Love. Politics. Music. A Big Movie.

1977

Fri 23 Oct 2009 to Tue 23 Nov 2010

It’s 1977. The four men who made this show are six, twelve, eighteen and twenty-nine. A thriving year for plane hijackings, and a busy period for the terrorists of the Red Army Faction. The Sex Pistols and the The Clash released their seminal albums, and with Franco gone, Spain’s fascist regime gasped its last breaths. The Vietnam war, of course, was over, although its meanings for American culture and global politics were far from closed.

Volcano’s 1977 begins on the set of Coppola’s notoriously troubled Apocalypse Now. As Coppola, Sheen and the crew go mad in the jungle, we transport you to a very different event taking place on the other side of the world, where a conference is gathering that aims to take the temperature of a “dying century”. Among the thronging intellectuals there are two very particular young delegates. Their lives and stories unfold, with shattering consequences, against the twin backdrops of the conference rooms and Coppola’s film.
 

1977

At his local street party thrown to celebrate the Queen’s Silver Jubilee,  twelve-year-old JOHN sat near the cake section and guarded it fiercely with a four inch Chewbacca and a torn Everton scarf. His elder brother Paul wore a Sex Pistols’ t-shirt showing the Queen wearing a safety pin through her nose. His dad gave Paul the thumbs-up but his mum clipped him round the head and made him take it off.

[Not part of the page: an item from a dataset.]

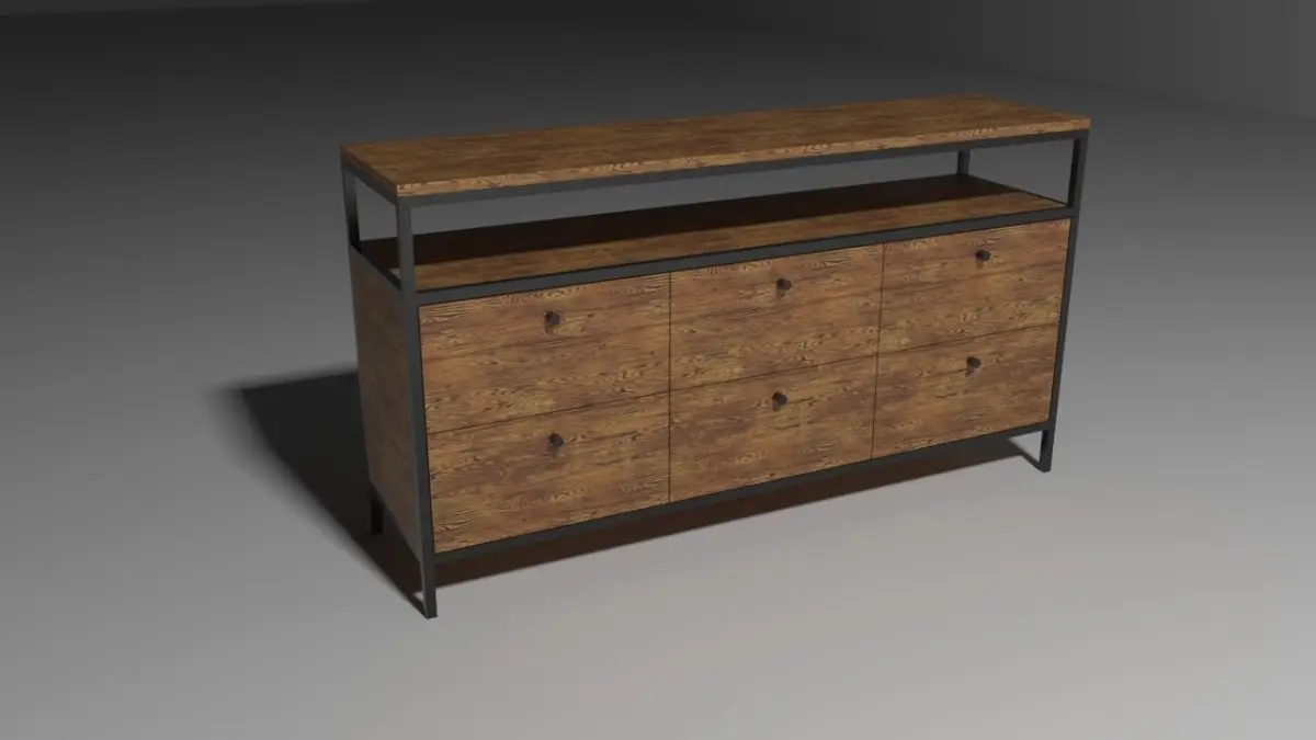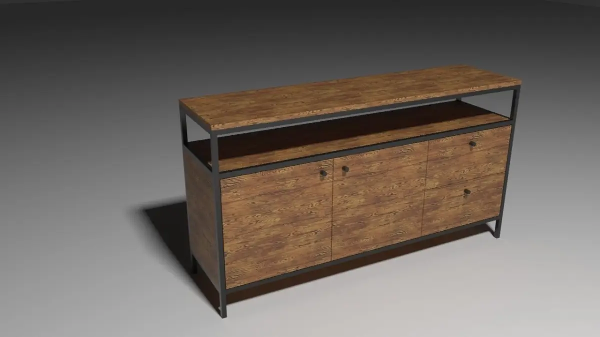 Comod industrial style available in 2 different shapes, with 6 drawers or 2 drawers and 2 doors.The structure is black painted steel with drawers, doors and shelf in oak wood.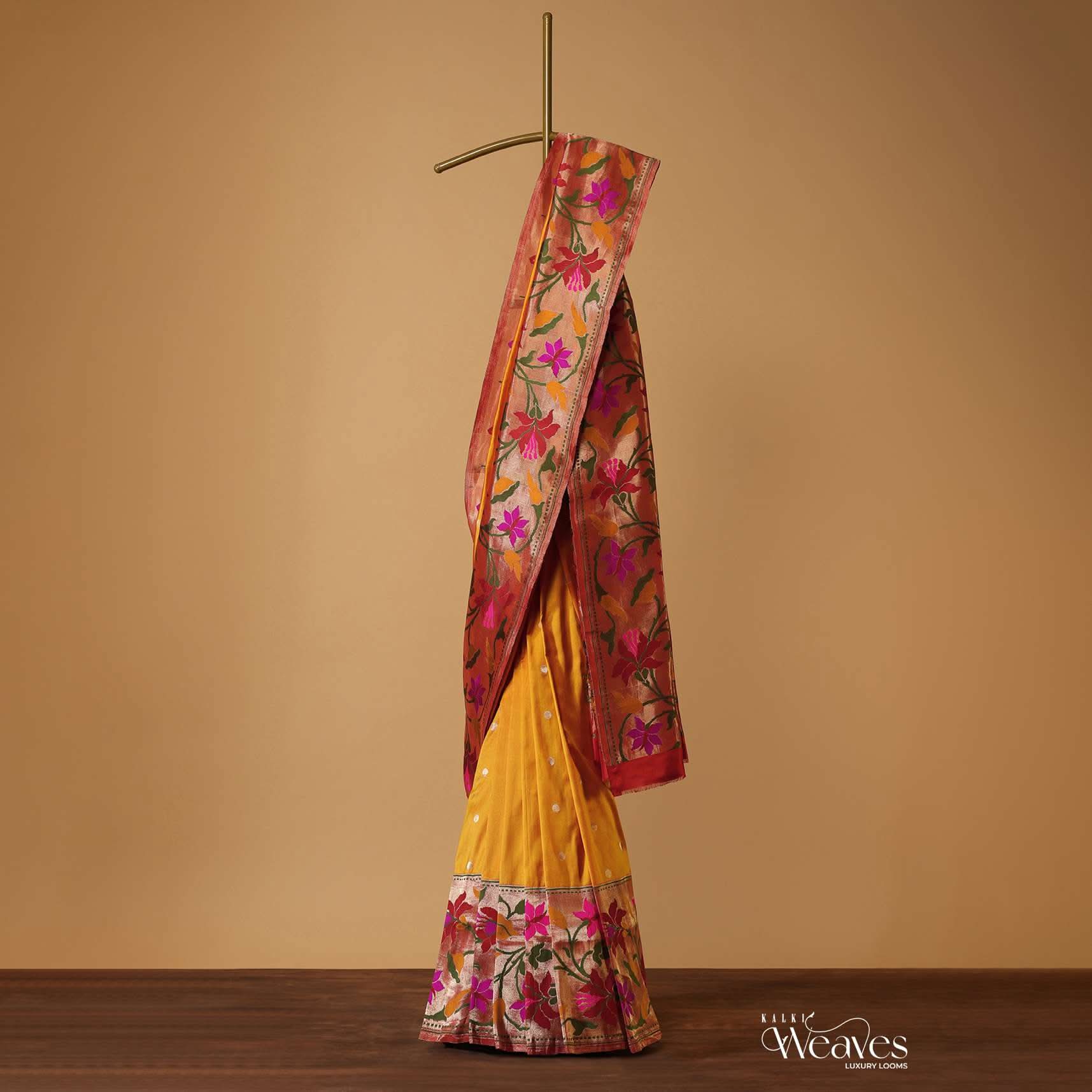 - Banarasi handloom saree with paithani border in pure uppada silk.

Twenty-nine-year-old PETER was working the best gundog he ever owned, on an estate in Northamptonshire.

Six-year-old PHILIP was obsessed with Star Wars. His family took him to see the Queen’s Silver Jubilee Tour as it passed the end of their street. He waved at the wrong car.

Eighteen-year-old PAUL was working in East Moors Steelworks in Cardiff. He recalls going to a punk protest party to oppose the Silver Jubilee celebrations.